§ EXERCISE INPUT
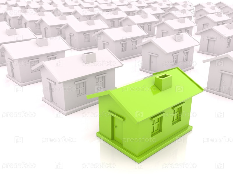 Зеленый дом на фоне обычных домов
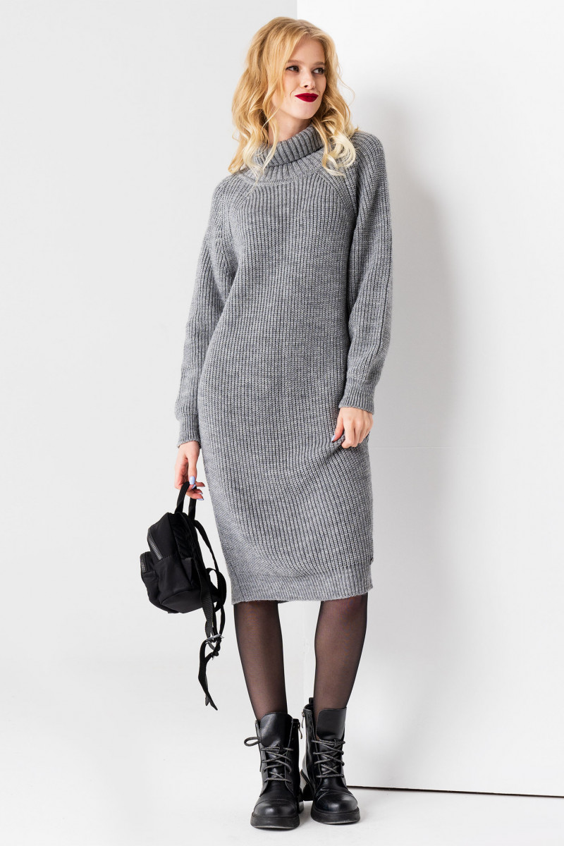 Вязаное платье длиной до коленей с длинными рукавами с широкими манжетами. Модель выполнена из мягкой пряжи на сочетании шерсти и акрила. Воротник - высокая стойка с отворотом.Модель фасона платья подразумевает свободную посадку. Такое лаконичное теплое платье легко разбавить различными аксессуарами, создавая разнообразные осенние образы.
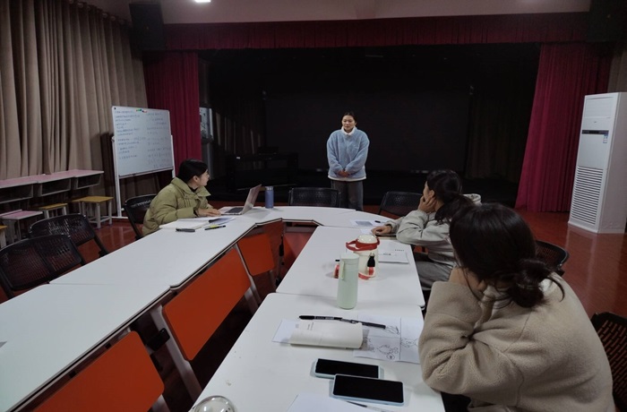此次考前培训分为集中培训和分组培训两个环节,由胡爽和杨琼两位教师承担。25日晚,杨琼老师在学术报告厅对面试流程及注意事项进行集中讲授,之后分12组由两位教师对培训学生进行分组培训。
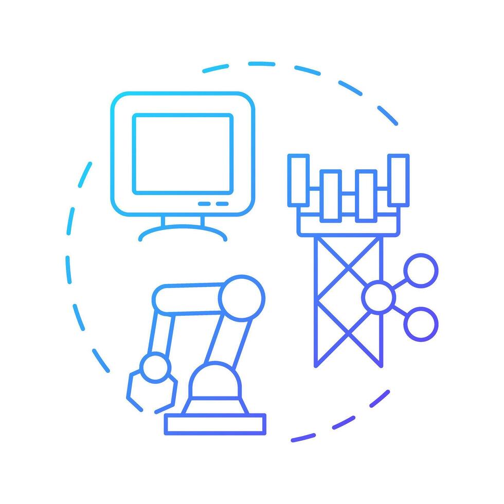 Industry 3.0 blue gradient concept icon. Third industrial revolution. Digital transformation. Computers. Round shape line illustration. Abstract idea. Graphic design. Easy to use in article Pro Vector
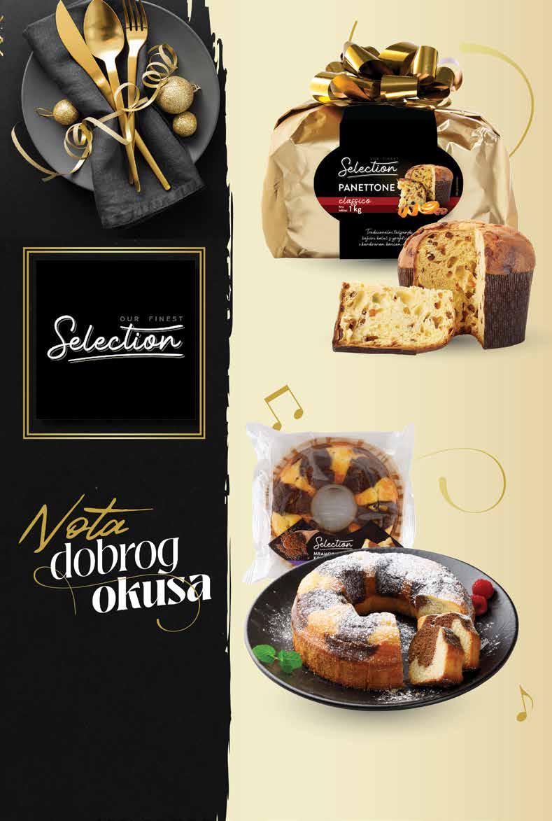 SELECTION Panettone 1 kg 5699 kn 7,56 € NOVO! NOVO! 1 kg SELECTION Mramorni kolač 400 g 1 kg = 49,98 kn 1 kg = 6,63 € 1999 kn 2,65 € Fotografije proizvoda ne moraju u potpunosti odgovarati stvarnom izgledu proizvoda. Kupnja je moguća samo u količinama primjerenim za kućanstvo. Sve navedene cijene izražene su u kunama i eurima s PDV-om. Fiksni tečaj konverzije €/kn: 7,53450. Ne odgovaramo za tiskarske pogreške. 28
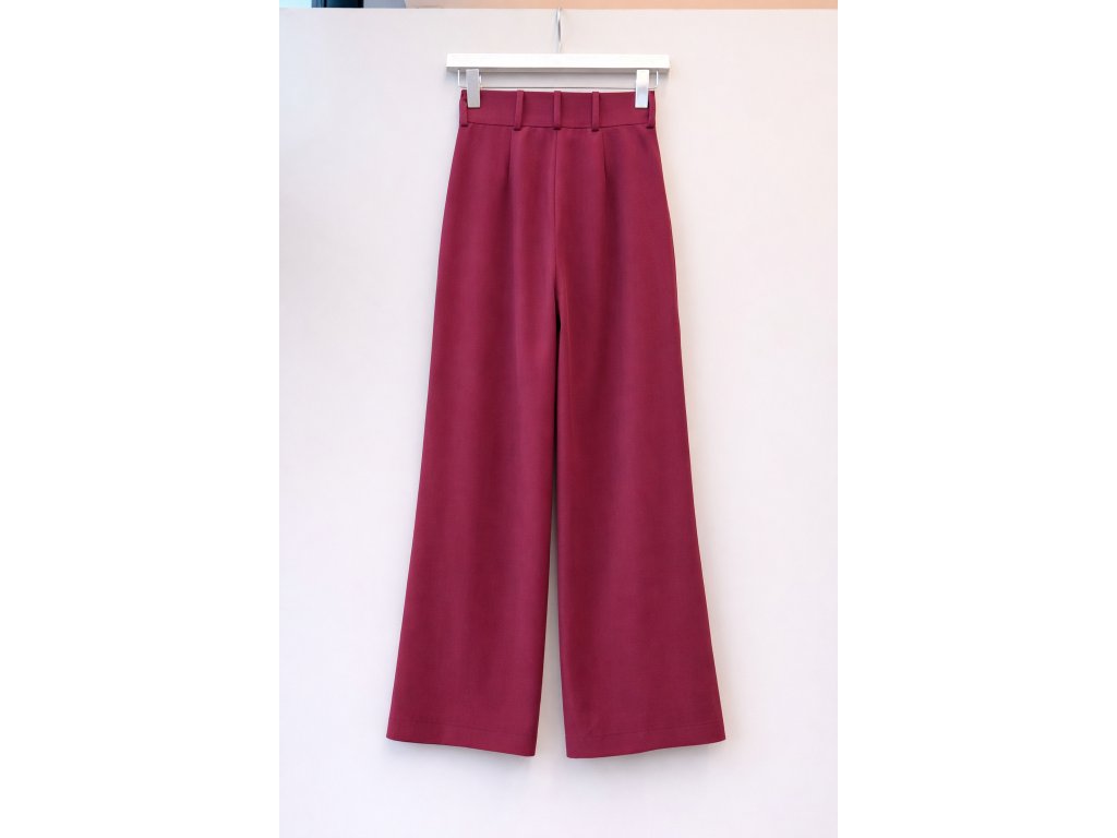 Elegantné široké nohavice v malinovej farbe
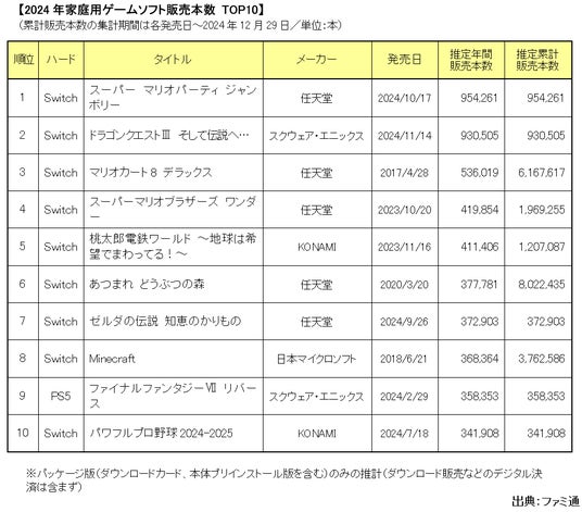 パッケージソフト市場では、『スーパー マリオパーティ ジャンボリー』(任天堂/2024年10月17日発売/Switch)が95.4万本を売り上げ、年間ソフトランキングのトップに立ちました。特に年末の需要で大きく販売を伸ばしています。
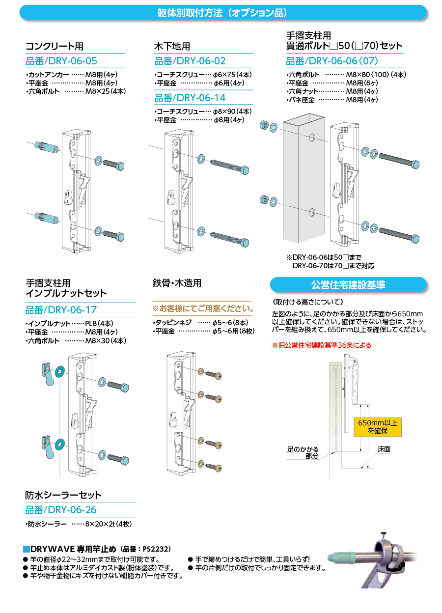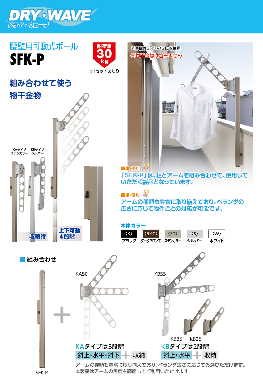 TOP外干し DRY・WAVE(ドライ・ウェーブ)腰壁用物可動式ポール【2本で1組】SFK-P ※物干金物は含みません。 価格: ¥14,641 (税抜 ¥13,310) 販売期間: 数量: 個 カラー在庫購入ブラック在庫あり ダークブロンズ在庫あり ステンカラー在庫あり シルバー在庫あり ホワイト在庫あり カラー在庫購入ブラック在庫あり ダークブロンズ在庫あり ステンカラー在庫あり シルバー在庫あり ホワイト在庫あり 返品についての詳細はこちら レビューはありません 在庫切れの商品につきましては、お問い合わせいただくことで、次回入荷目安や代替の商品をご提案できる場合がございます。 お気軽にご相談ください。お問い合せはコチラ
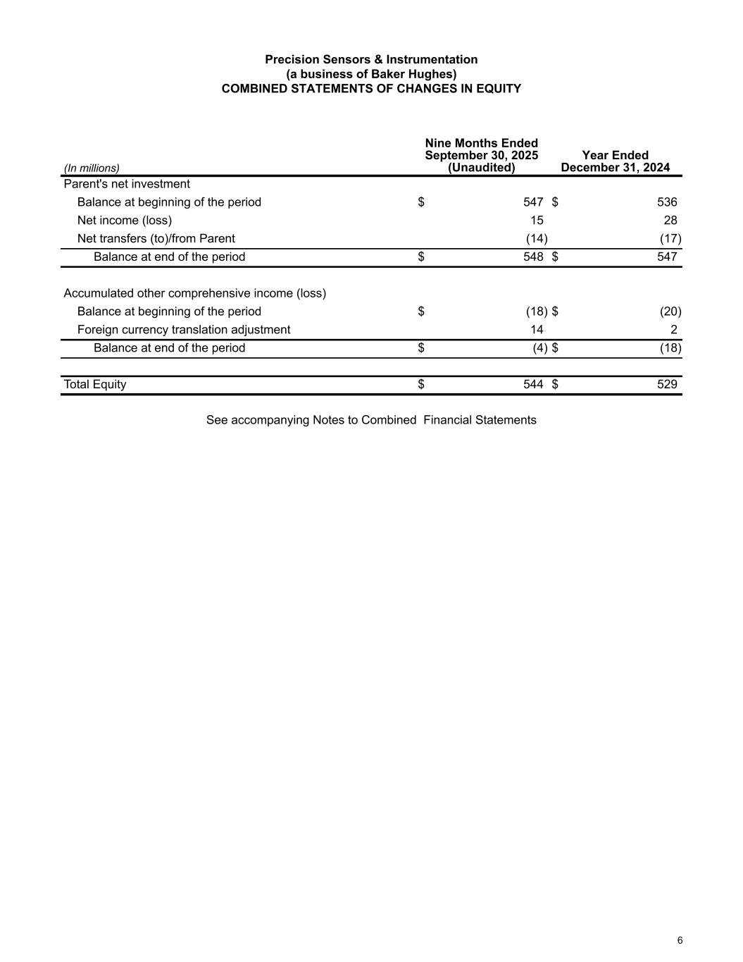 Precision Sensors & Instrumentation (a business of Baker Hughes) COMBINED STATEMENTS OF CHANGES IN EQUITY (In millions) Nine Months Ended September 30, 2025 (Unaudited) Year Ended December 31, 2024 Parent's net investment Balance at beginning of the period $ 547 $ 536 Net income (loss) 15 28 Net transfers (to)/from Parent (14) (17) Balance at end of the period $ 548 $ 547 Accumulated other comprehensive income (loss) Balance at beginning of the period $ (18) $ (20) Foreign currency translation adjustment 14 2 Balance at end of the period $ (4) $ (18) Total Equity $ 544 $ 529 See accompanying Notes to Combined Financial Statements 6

* * *

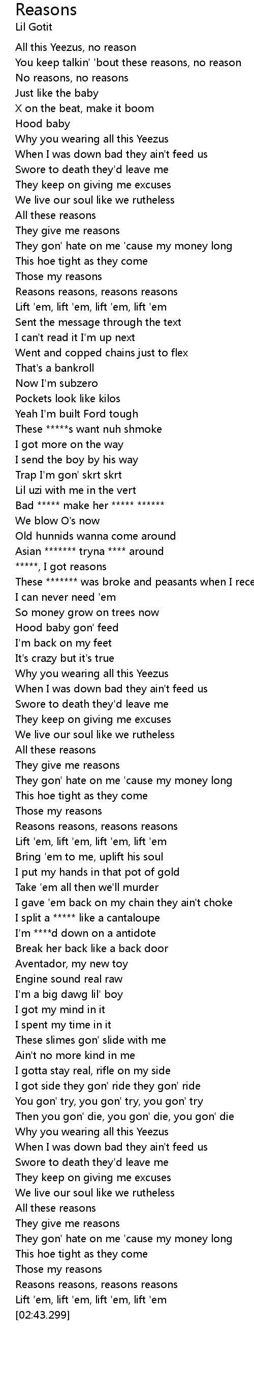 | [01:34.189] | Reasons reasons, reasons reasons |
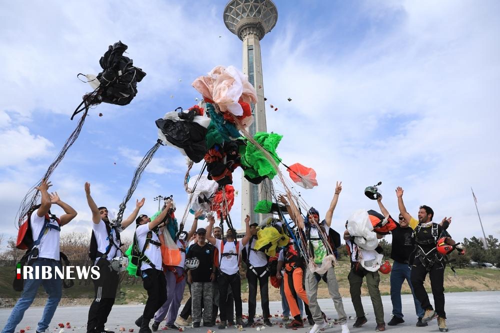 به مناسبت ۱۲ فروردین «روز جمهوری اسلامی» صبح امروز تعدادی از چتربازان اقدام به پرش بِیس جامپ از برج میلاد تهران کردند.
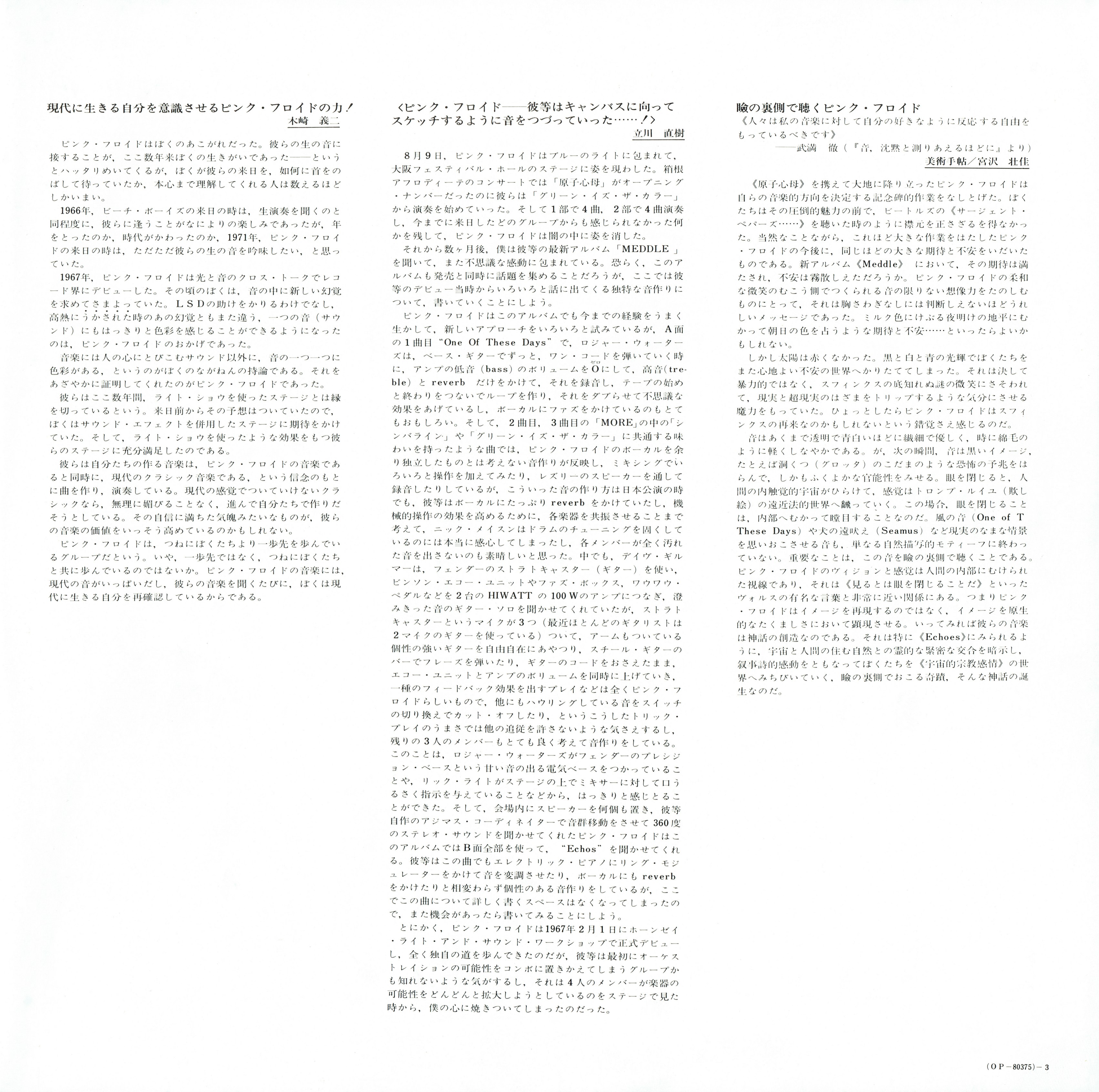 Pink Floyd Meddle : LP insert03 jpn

--

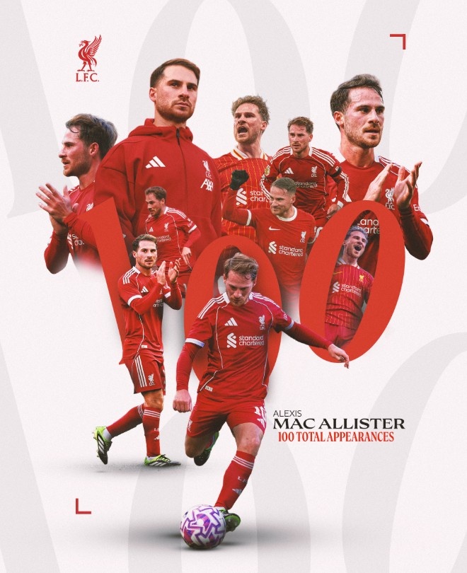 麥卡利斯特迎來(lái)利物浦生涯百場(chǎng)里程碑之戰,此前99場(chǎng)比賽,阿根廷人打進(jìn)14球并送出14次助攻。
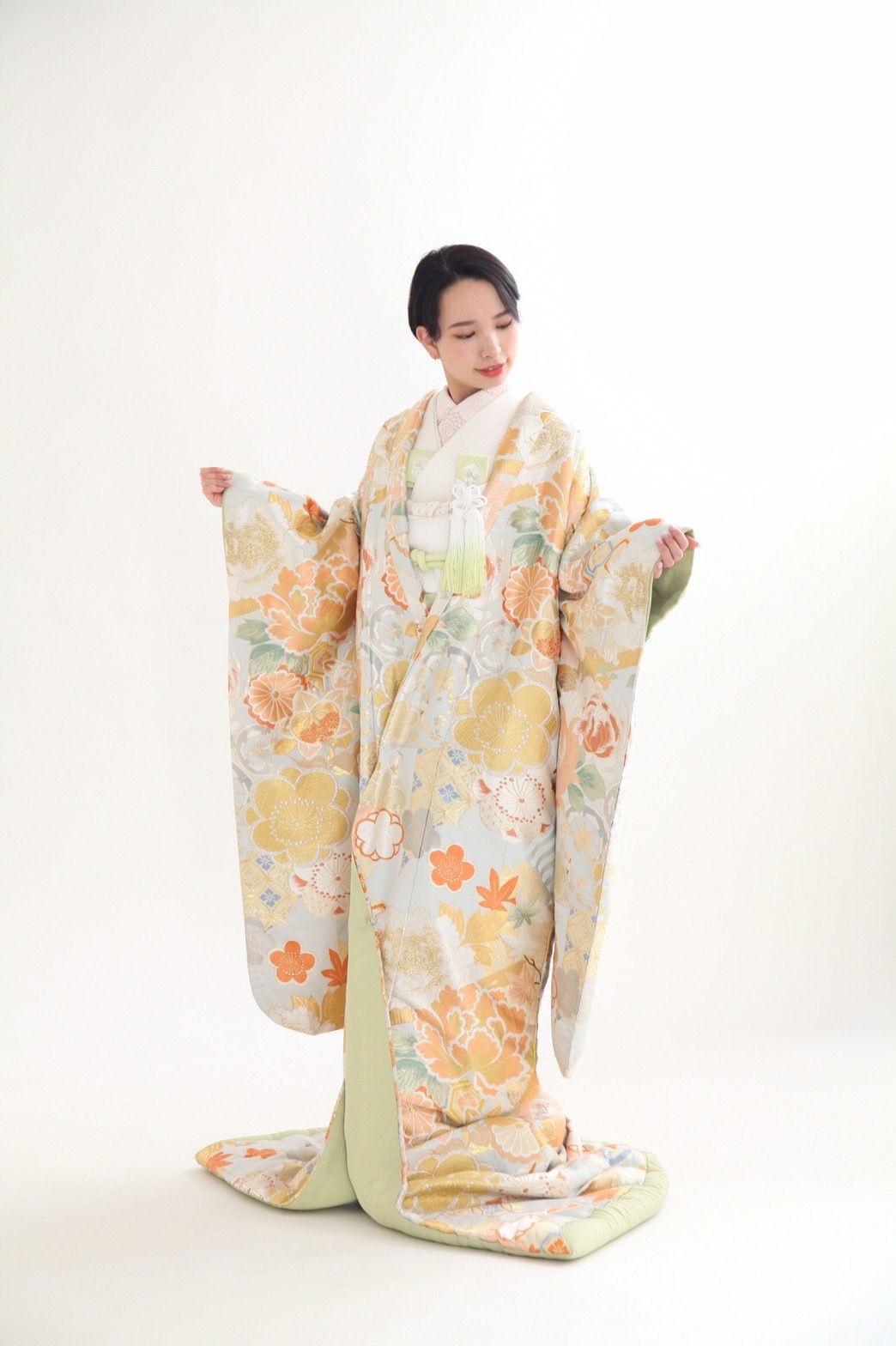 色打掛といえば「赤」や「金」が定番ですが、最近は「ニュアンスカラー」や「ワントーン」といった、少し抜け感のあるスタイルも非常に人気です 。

§ WHAT IS EXPECTED
For this exercise, transcribe exactly the part of the records above that opens with the line containing "به مناسبت ۱۲" and closes with the one containing "Pink Floyd Meddle : LP insert03 jpn". Pictures are not part of the copy.

§ WRITTEN RESPONSE
 به مناسبت ۱۲ فروردین «روز جمهوری اسلامی» صبح امروز تعدادی از چتربازان اقدام به پرش بِیس جامپ از برج میلاد تهران کردند.
 Pink Floyd Meddle : LP insert03 jpn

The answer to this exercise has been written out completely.